Hi there - I went to the doctors recently about an itchy mole that I had on my bottom.  She thought it was fine but said it was up to me if I wanted to see a dermatologist.  So I decided it would be a good idea to get it checked.

Upon arrival I was immediatly told it was 'suspcious' and she wanted to remove.  She asked if I sunbathed nude because of where it was, to which I confirmed I didn't, never have and that part of my body had always been covered up.  She clearly didn't want to believe me as she went on to say that I probably wore something more skimpy when I was younger.  I know this is not true and can see from the whiteness of my skin in that area that it doesn't see sun.  What I can tell you is I have olive skin that easily tans, I hardly have to see the sun to get colour.  I have always put sun cream on and the most of an issue I had was prickly skin on my arms and chest when I was a teenager (which was caused by the suncream blocking my pores -especially waterproof types- so I tried a million different types, until 'allergy' type sun cream was invented and helped).  So if I was going to have anything that was sun related I would fully understand if it was on my arms, legs etc that have seen the sun, but not on my botton.

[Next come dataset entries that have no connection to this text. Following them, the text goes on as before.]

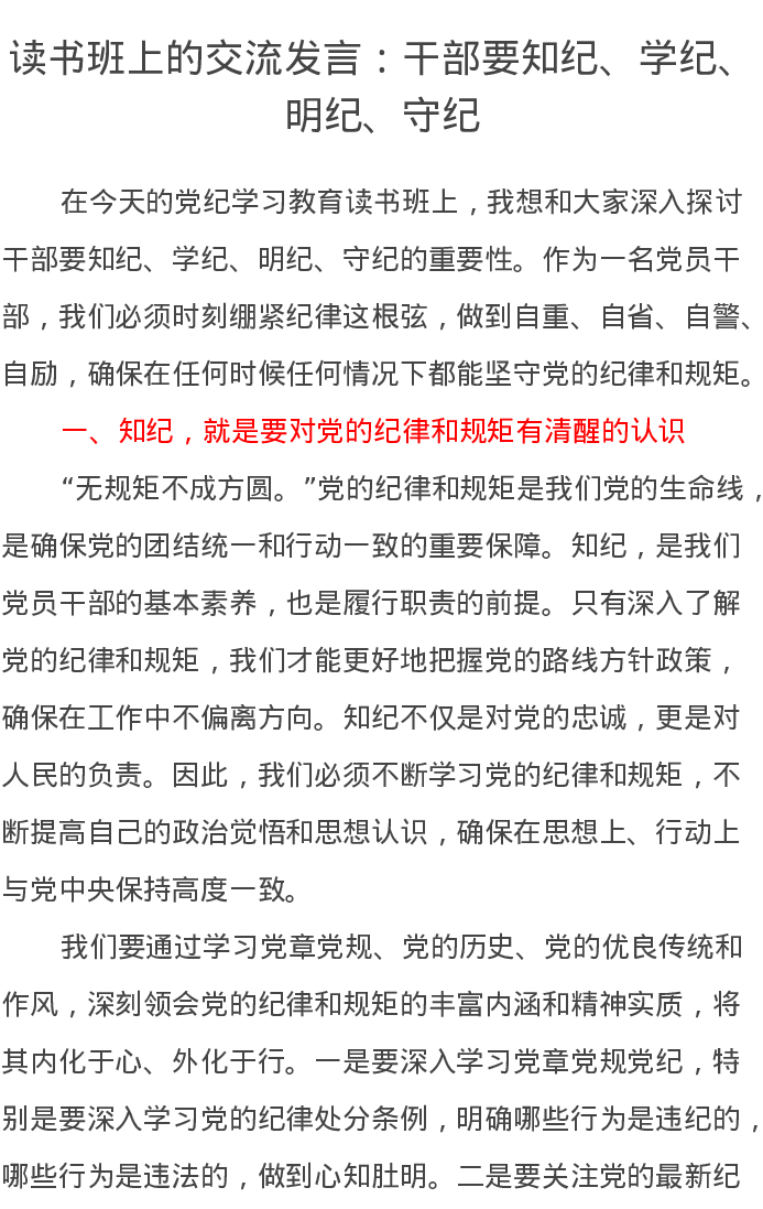 读书班上的交流发言:干部要知纪、学纪、明纪、守纪
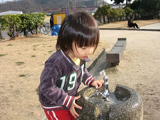 | 水飲みも初挑戦しましたが、顔と胸元は少し濡れました。 | ||
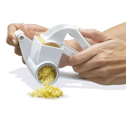 Funcionamento: o ralador manual funciona de maneira bem simples: basta que acondicione o queijo em seu interior vide figura , segure o cabo o pressionando levemente e gire a manivela. Pronto, o alimento queijo, presunto e afins sairá ralado e pronto para ser utilizado pela parte inferior do ralador. Anatômico e prático, o ralador pode ser utilizado por pessoas de qualquer idade. Além disso, a lâmina interna é em aço inox, o que confere mais qualidade e durabilidade ao produto. A lâmina também pode ser retirada, o que a torna mais simples o processo de limpeza. Mais características do produto: Material: Plástico e aço inox; Cores: Branca; Resistente e durável; Aumenta a velocidade e segurança em sua cozinha; Ean: 7899755657668
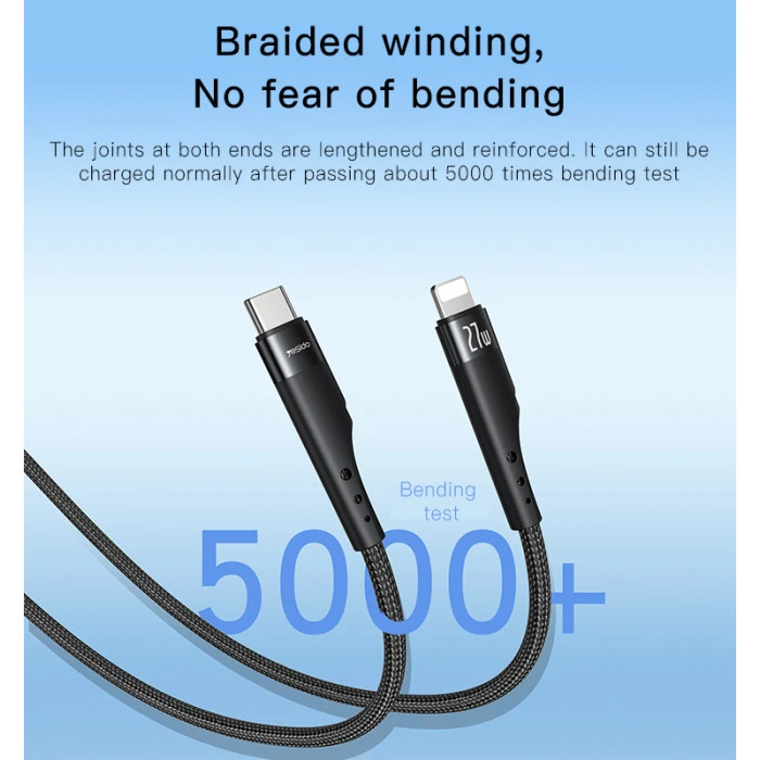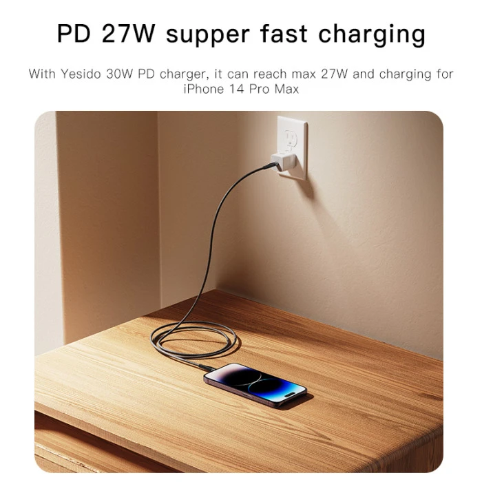 he YESIDO 27W PD Fast Charge USB-C to Lightning Cable offers fast and reliable charging and data transfer for your iPhone. With a length of 1 meter, this cable supports Power Delivery (PD) up to 27W, enabling quick charging to keep your device powered efficiently. It also supports high-speed data transmission, making it a versatile and durable accessory for everyday use.
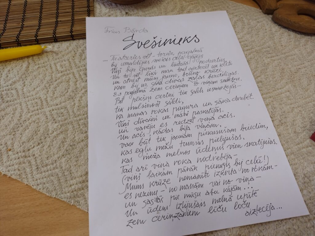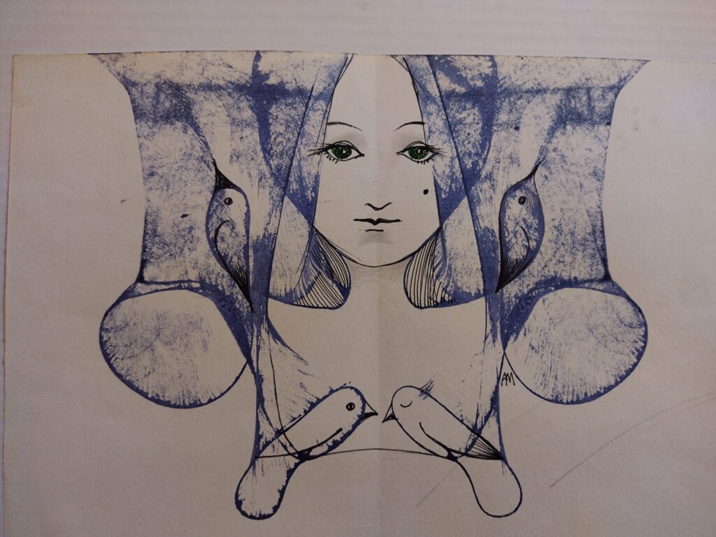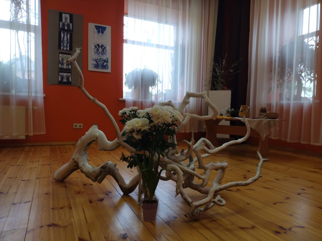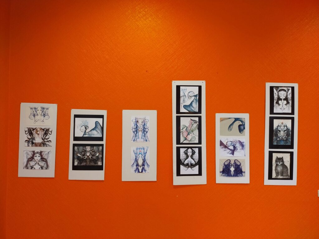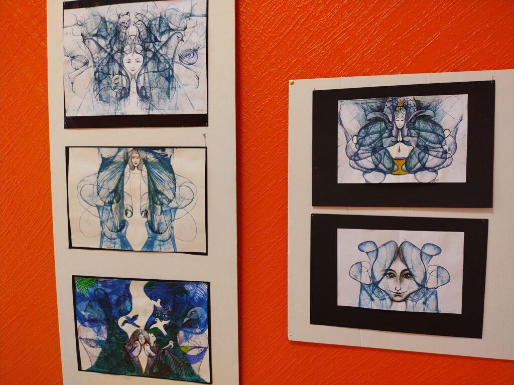 “Man pašai bija pārsteigums, kad izdomāju, ka vajag kaut ko uztaisīt, jo meditējot šoziem zīmēju mājās. Tikai kādi divi, trīs darbi ir senāk taisīti. Tad domāju, ka vajadzētu parādīt, kāpēc gan ne tepat Kalvenē,” portālam “ReKurZeme” stāsta A. Mētra. Viņa norāda, ka zīmējumos izmantota tuša, tie ir atspiedumu tehnikā.

Anyway that evening she took it out, said that she thought it would be fine.

A week later, I had a call to come back and was told that it was melanoma, but the good news it was less than 1mm.  I was told I needed to return so she could remove more of the area and then would need to return every 3 months for the next 3 years.  I left in total shock, not really knowing what to say.

That evening I researched all over the internet and got progressivly scared at the information.  How it could spread, life expectancy etc.

Next day I went back and had more of the area removed with 11 stiches.  Whilst I was there I told her again that I have always been covered in that area, but again she said it must have been when I was younger.  I asked a few more questions to get clarification - ie so this is a stage 1 and what about my other moles and what else will happen and left not really knowing much more than I'll get a call or letter to confirm the results from the latest area she removed in a few weeks, to book an apointment with the nurses to get the stitches removed and she'll see me somepoint in the future...

So I'm confused, I have melanoma on a part of my body that didn't see the sun, but I'm told its sun related.  I am covered in moles and freckles and always have been.  I tan easily but always put sun cream on.  I'd say most of my moles and freckels are not of an even round shape, they are all mostly of odd shapes, again they've always been like this since I can remember.

So I don't know anymore, I don't know if I should be scared that every 3 months I'm going to have more and more removed, that its spread, that I'm going to see my 2 year old grow up.  If we are going to be able to have the other child we were just planning for now.  Its all just not clear for me.

Can anyone help advise in anyway please?

Thank you.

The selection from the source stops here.